The Software Café
Software, quality and lunch in a time before the internet.
There was a time when if you wanted to know the news you bought a newspaper or listened to the wireless. You paid people in cash or wrote them cheques and did your banking at a building in the High Street. You might even have had a chat with the cashier while you were at it. The High Street was full of shops to buy things and you couldn't lose your life savings in a few seconds because there was a bookmaker between you and ruin, and he only opened for a few hours a day. You went to the library to look up facts in encyclopedias or reference tomes and the secret of great food was held in the bound pages of recipe books.
There were only two types of ticket for the train available at the station and the prices remained much the same from day to day. The travel agent would book flights and hotels for you, get you your favourite seat on the plane and give you a paper ticket. Telephones were fixed by a wire to the wall and were used for genuine communications rather than money scams. If you were lonely you looked in the lonely hearts column of the local newspaper or simply went to the pub, or took up country dancing, or phoned your cousin. Entertainment was delivered to your TV according to a schedule and if you weren't there you missed it, except if you had a flash video tape recorder. There was another shop in the high street that sold you music on vinyl records, some of which were not black. Software came through the post on a CD with a printed user manual. There was a time before the internet.

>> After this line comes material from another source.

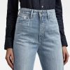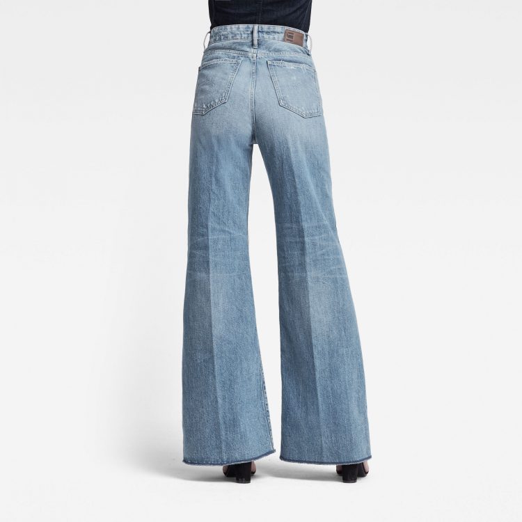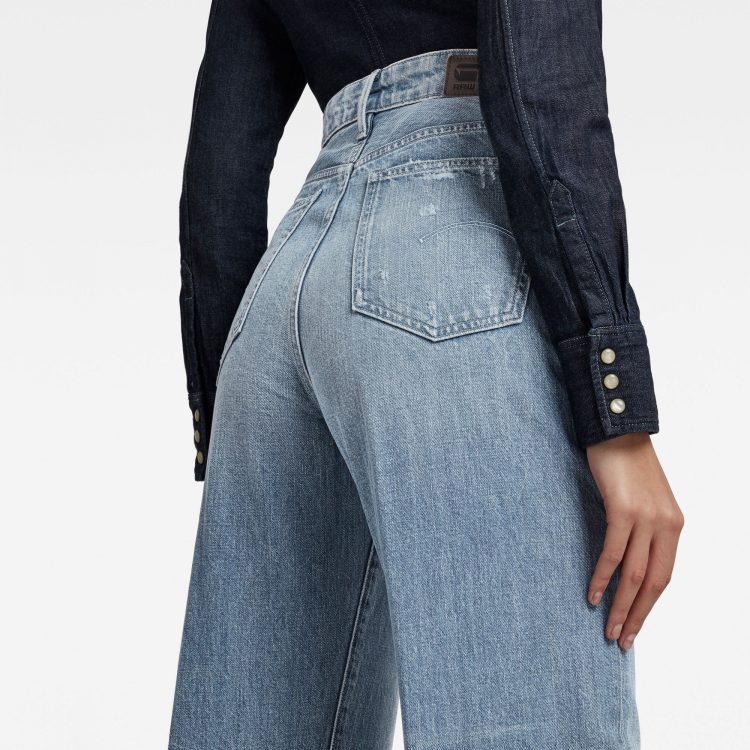 This new blueprint is based on the sailors' clothing in the late 18th century. Sailors scrubbing and whitening the wooden ship decks wore wide pants that allowed to move freely. The G-Star RAW Raw Deck jeans are designed to fit smoothly around the waist and hips and open up to a wide leg. The hem is easy to trim. As it's kept unfolded, you can shorten it to your perfect length if needed. Combine them with high heels to make it complete. Ultra high waist,5 pocket construction, welt coin pocket inserted below waistband,Fitted around the hip, widens from thigh towards the hem,Hem is easy to trim. As the hem is kept unfolded, you can create your own preferred length. Or just keep it as is.,Zip & button closure,Cow leather label at the back side waist This is a 3rd edition of the World's 1st Cradle to Cradle Certified™ Gold G-Star RAW Denim Fabric which was initially released in February 2018. This 2.0 version is still a unisex quality with an oz update to its weight and re-freshed, more dynamic denim character. Developed with RFTPi-Raw for the Planet Indigo-world’s cleanest indigo dyeing process, formulated in partnership with DyStar®, G-Star RAW and Artistic Milliners.,Raw for the Planet Indigo uses 15% less indigo, 70% less chemicals, no salts, and produces no salt by-product during reduction and dyeing process, consequently saving water and leaving clean and recyclable water effluent.,100% Organic cotton,Organic cotton fibers are free of toxic pesticides and chemical fertilizers. Growing organic cotton helps to improve soil quality, prevents water contamination and conserves biodiversity. By choosing organic cotton, we can save up to 60% water.,8 dip indigo, 3×1 right hand twill construction, Mid weight 11.5 oz denim,Fabric chemistry with 0 risk for people and the environment

The software programmers of the day were masters of rare and charmed runes in Ada, Lisp, C, FORTRAN and COBOL. Their tools were exquisitely crafted Sun Sparcstations, Silicon Graphics Crimsons and Acorn Archimedes. It was a time of great creativity and exploration. Software development was a frontier and the map was being drawn in real-time. Programmers looked for the right way to do software, quality, and when they remembered, lunch. It was a noble quest. Then a bunch of dudes realised there was a fortune to be made selling porn directly over the phone line to a person's computer. Programming suddenly had a real purpose, the money to support it and thanks to Tim Berners-Lee setting it up right, the internet was born. Then there is the time with the internet. But just before that was the Software Café and the small matter of a speed-of-light transference machine to get you between restaurants.